Ordre est donné à toute une humanité, à toute une planète pourtant pleine de diversité, de variété culturelle de s'adapter à cette suprême suprématie, à cette pensée, de la faire sienne et/ou de se plier à ses intérêts, de lui obéir. Au nom du Christ comme, par la suite, au nom de la Raison, du logos, de l’humanisme, du Progrès (ne dit-on pas La modernité ?), de l’Ordre, de la Paix et d’une certaine conception de la démocratie (comme par hasard, la leur). Pas d'autre issue.

Vae victis ; la loi du plus fort est, ici, totale, absolue.

Il n’y a pas, en effet, de « peuple élu », de guide « prédestiné » des peuples terriens, sinon dans la tête de ceux qui s’imposent,  imposent LEUR vérité (alors que toute vérité est relative et, donc, diverse). Et tout le monde sait – ou devrait savoir – que la fameuse « Civilisation » a vu le jour en Mésopotamie, en Égypte, en Inde, en Chine et en Amérique du Sud (Caral, au Pérou) à peu de choses près au même moment. Seulement, voilà, comme le dit l’auteur, l’Occident a même falsifié, truqué l’Histoire. Dès lors qu’on a capté le pouvoir, on monopolise la parole et, de ce fait -n’est-ce pas ?- l’on est libre de tout « arranger » à sa guise.

Ainsi, l’Europe arrange-t-elle allègrement, à l’intention du grand public, l’Histoire ancienne de la Méditerranée à l’aune de sa propre perception, laquelle est nord-européenne. Pourtant, elle l’avoue parfois, ses connaissances au sujet de la Crète minoenne, de la Grèce et de la Rome antiques sont elles-mêmes  encore assez parcellaires (sans quoi, pourquoi les archéologues continueraient-ils à se fatiguer en menant des fouilles ?). Quant au christianisme, il fut lui-même inventé au Proche-Orient.

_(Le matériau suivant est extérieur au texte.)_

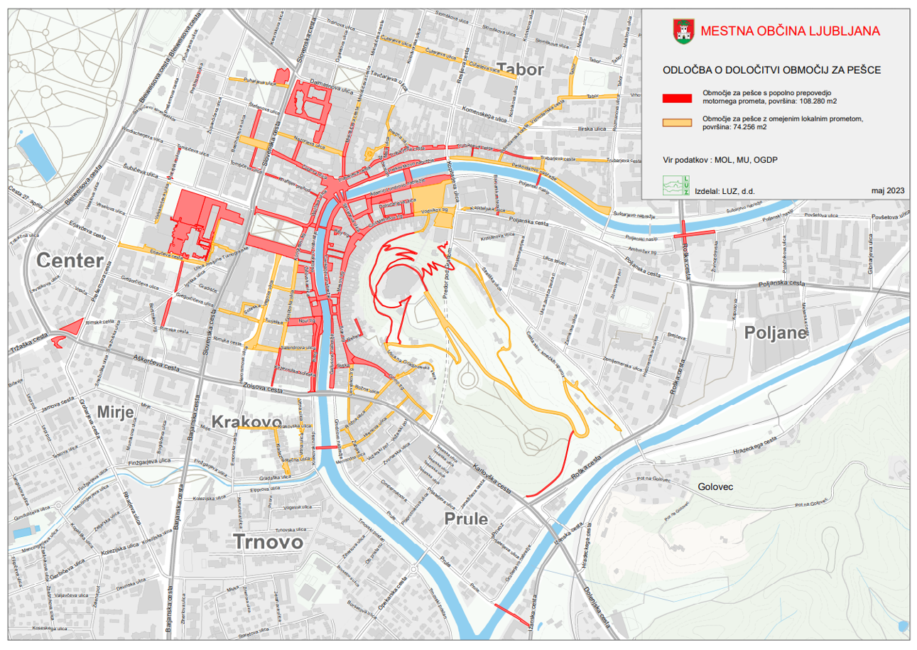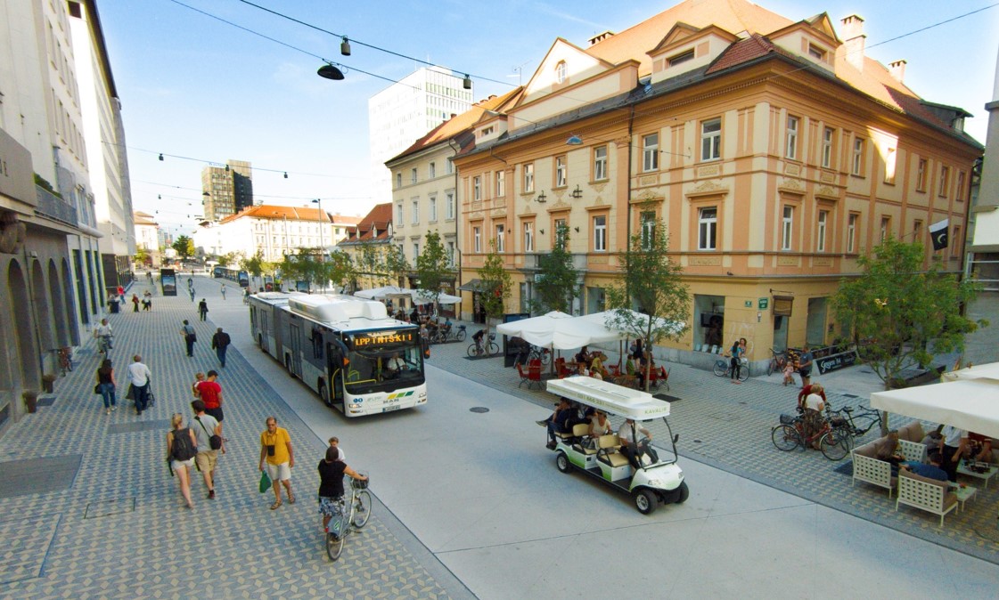 Jedan od prioriteta je širenje pješačkih zona u centru, ali i izvan centra grada. Posljednjih 15-ak godina Ljubljana sustavno širi svoje pješačke zone tako da one danas zauzimaju površinu veću od 18 Ha. Neki od projekata širenja zona bili su financirani iz EU fondova.
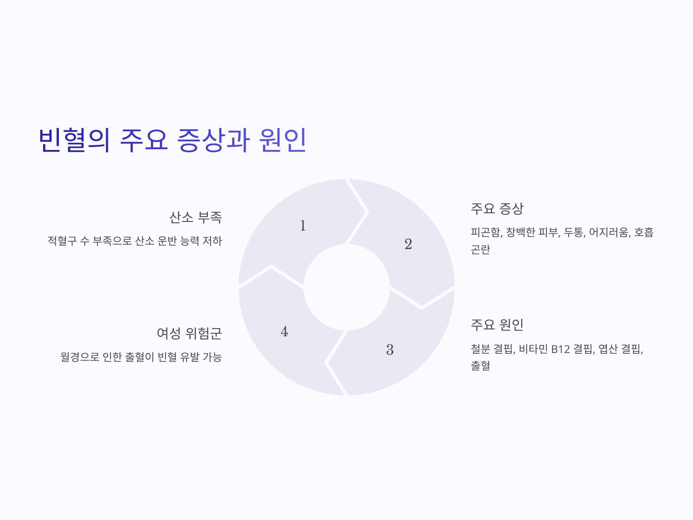 빈혈은 혈액 내 적혈구 수가 부족하거나, 적혈구가 산소를 충분히 운반할 수 없는 상태를 말합니다. 빈혈이 있을 경우, 몸은 충분한 산소를 공급받지 못하므로 지속적인 피로감을 느끼게 됩니다. 주요 증상으로는 피곤함, 집중력 저하, 창백한 피부, 두통, 어지러움, 호흡곤란 등이 있으며, 심한 경우에는 심장박동이 빨라지는 증상도 나타날 수 있습니다.
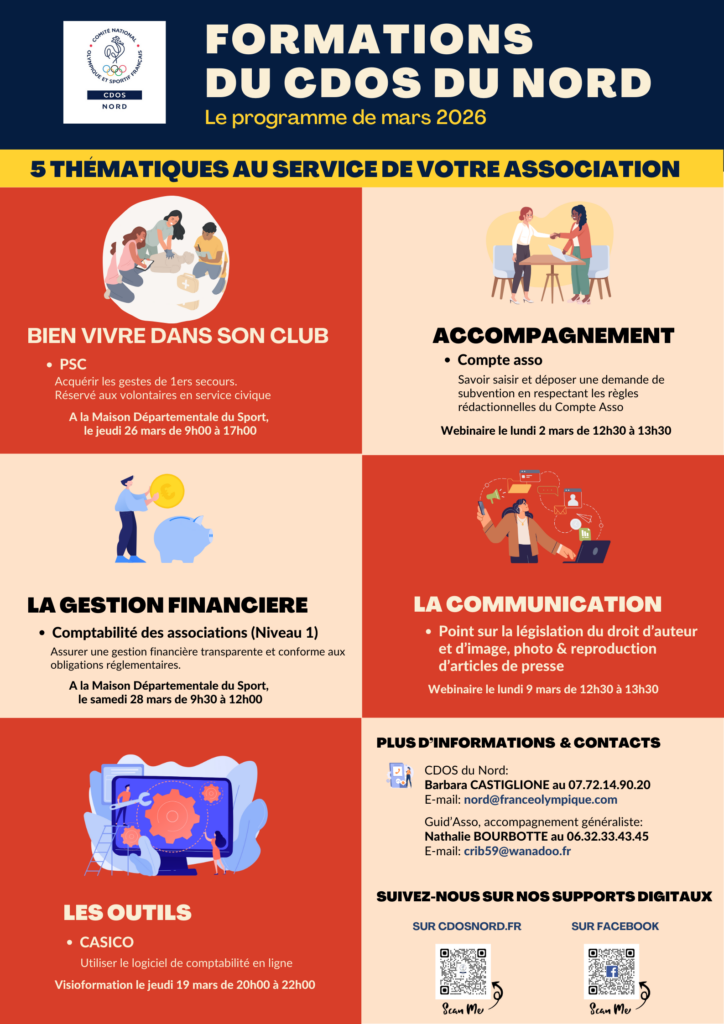 La formation des Dirigeants Bénévoles et des salariés est l’une des missions essentielles du CDOS du Nord afin de soutenir les associations dans leur projet de structuration et de développement. La mise en place de ces actions ne serait possible sans le concours financier du Conseil Départemental du Nord, du Service Départemental Jeunesse, Engagement et Sport du Nord, de la Préfecture du Nord, et de l’Agence Nationale du Sport.
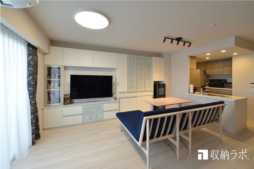オーダー家具の壁面収納と食器棚で、新居に快適な収納を実現
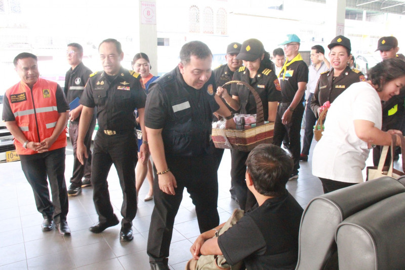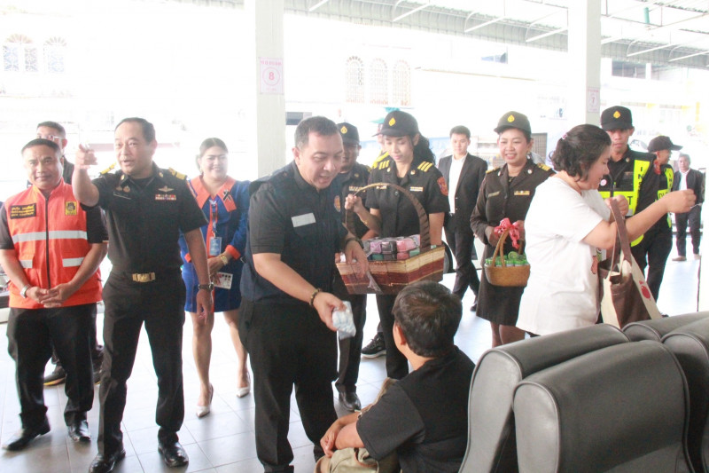 โอกาสนี้ ผู้ว่าราชการจังหวัดสุราษฎร์ธานี ได้กล่าวทักทายเจ้าหน้าที่ประจำจุดให้บริการ รวมทั้งพนักงานขับรถโดยสาร และประชาชนที่มาใช้บริการ ให้เดินทางถึงจุดหมายปลายทางอย่างปลอดภัย พร้อมกับมอบของขวัญปีใหม่ในเทศกาลแห่งความสุขนี้ด้วย.
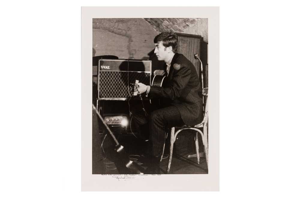 John Lennon rehearsing before The Beatles final show at The Cavern Club | 1963, silver gelatin print, signed, titled, dated, by the photographer, framed.
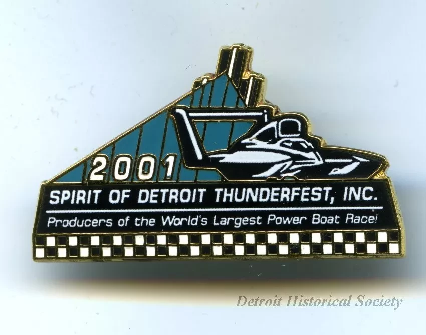 One gold-colored steel and enamel lapel pin advertising the "2001 Spirit of Detroit Thunderfest, Inc." The pin design features a black and white hydroplane in the foreground with blue/black/gold outlines of the Ambassador Bridge and the Renaissance Center in the background. The bottom of the pin notes "Producers of the World's Largest Power Boat Race!" and shows two rows of alternating black and white squares. The back has a pin and pinch spring fastener.
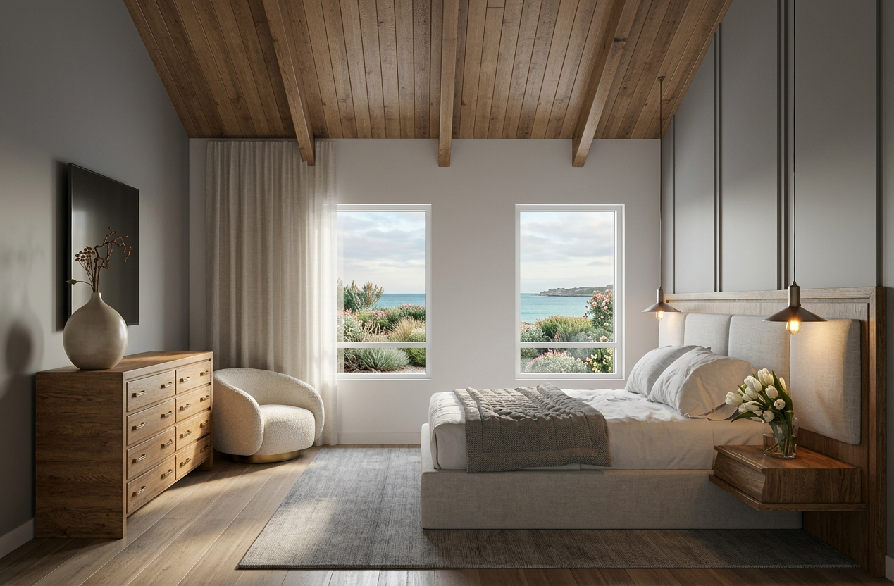 the rendering looks real and natural with a japandi style concept without changing the material shape and size of the image off white wall paint color white ceiling cream wood vinyl floor wooden frame and fabric material wardrobe doors brown fabric bedframe in left is door not window add indirect light at shelf and back of mirroe
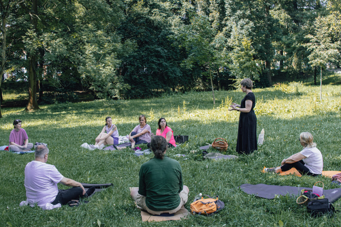 Oba spotkania prowadziły nas także przez uważne skanowanie ciała, intuicyjny taniec i symboliczne mapowanie emocji z pomocą dźwięku deszczownicy. Były to procesy głębokie i uwalniające – pozwalające poczuć, że ciało może być przyjacielem i przewodnikiem, a nie tylko narzędziem.
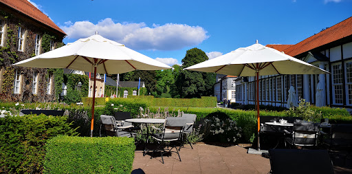 Read moreDer Park und das Hotel sind sehr schön, allerdings sind Hunde im Restaurant nicht erwünscht und uns wurde angeboten den Hund vorm Restaurant anzubinden. Trotz gähnender Leere warteten wir fast 15 Minuten auf die Getränke. Die Speiseauswahl ist klein, aber in Ordnung, die Speisen selber wiederum nicht. Wir hatten den Flammkuchen, der TK war, obwohl die Kellberin vorher versicherte, dass dieser das nicht sei. Der Salat mit Ziegenkäse 13,50€!, war eine Vorspeisenportion und Brot, welches sich als ein angeschnittenes Brötchen heraus stellte wurde erst auf Nachfrage serviert.Uns wurde auch erst auf Nachfrage eine Serviette gebracht. Als Dessert fragten wir nach Vanilleeis mit Eierlikör oder Baileys, auch das konnte nicht serviert werden, weil die Bar noch geschlossen war. Das süße Duo, welches aus einem Kaffee und einer Überraschung aus der Patisserie besteht, war ein Kaffee aus einem Vollautomaten (kein handgemachter Milchschaum!) und ein eiskaltes Stück Schmandkuchen auf den Zucker gestreut war. Sehr enttäuschend! Die Kellnerin hatte Flecken auf ihrer Uniform, war zwar ganz nett aber nicht besonders professionell. Außen Hui innen Pfui trifft hier...
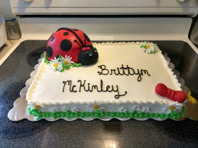 A half sheet cake, almond flavored, iced with almond flavored buttercream. The lady bug is cake as well that is covered in fondant. All decorations are hand made from fondant.
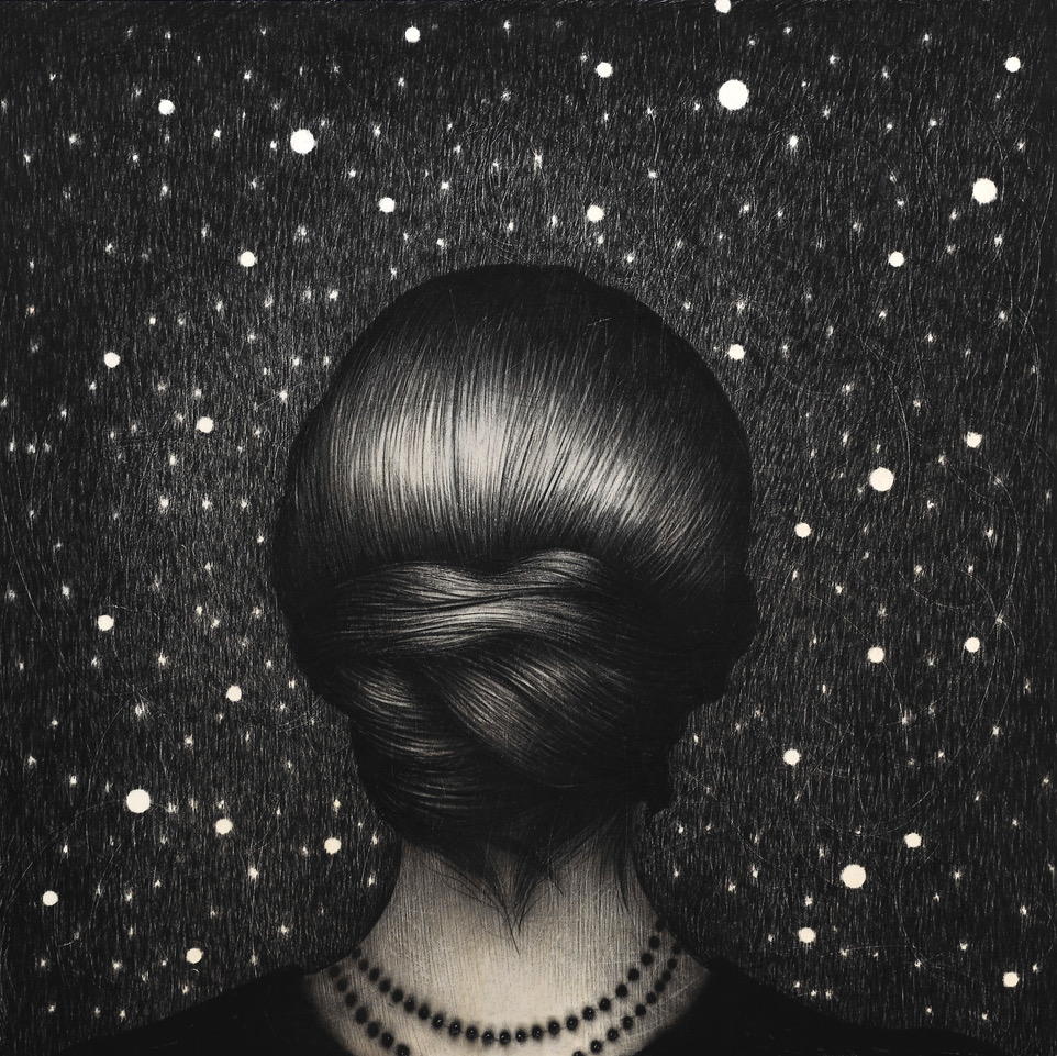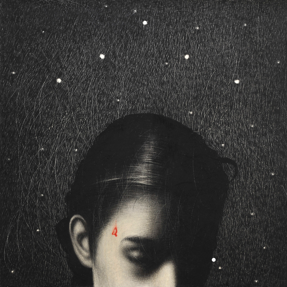 Questo legame con il territorio è ancora una volta testimoniato dall’inedita sezione realizzata appositamente da Galliani per questa esposizione ascolana – e che da essa prende il titolo – ispirata al mito della Sibilla Picena, anche nota come Sibilla Appenninica, immagine identitaria del territorio: tra le vette dei Monti Sibillini dimorava una donna di straordinaria bellezza, interlocutrice tra il cielo e la terra, tra il divino e l’umano. Sulle tavole in mostra riecheggia la poetica celeste dell’artista, legata a cieli infiniti e a universi di stelle lontane. Le sibille di Galliani sono donne di grafite con occhi serrati, colte nel profondo momento di meditazione. Sul volto di queste enigmatiche figure compare, incisa come un tatuaggio di pigmento rosso, la lettera : l’inizio della profezia, l’origine del tutto.

La puissance européenne n’est que le fruit de l’agressivité et des aléas de l’Histoire. Et il en va, d’ailleurs, de même pour tous les phénomènes de domination, d’hégémonie. Mais il importait à l’Europe, puis à la sphère occidentale, de CONVAINCRE, après avoir vaincu. Après les Croisades vinrent les entreprises coloniales, stimulées – ainsi que le souligne fort justement l’auteur – par l’avidité. L’Europe avait été saisie par une fièvre commerçante (incarnée, dans les tout débuts, par Venise, Florence et les ports « hanséatiques » des bords de la Baltique, plus au nord) et…le hasard avait fait le reste. Le christianisme agressif, fanatique, la soif d’or et, par conséquent, de nouvelles routes commerciales, la morgue crispée de la nouvelle Espagne matamoros de Carlos Quinto avaient armé leurs caravelles et buté contre un continent qui ne figurait pas sur les cartes, riche mais peuplé de créatures dont on se demanda même, sur le coup, si elles étaient authentiquement humaines (Controverse de Valladolid) tant leur couleur et surtout leurs mœurs « détonnaient » ( nudité et sexualité en apparence dénuée de tabous ici, sacrifices humains rituels sanguinaires et choquants là). De toute façon, il est de notoriété publique que «Lorsque l’on veut noyer son chien… ».

Et c’était parti : la crainte de l’Autre, de ses réactions imprévisibles ou hostiles, le choc du premier contact et l’effort de justification prirent le relais du hasard et s’agrégèrent aux intérêts.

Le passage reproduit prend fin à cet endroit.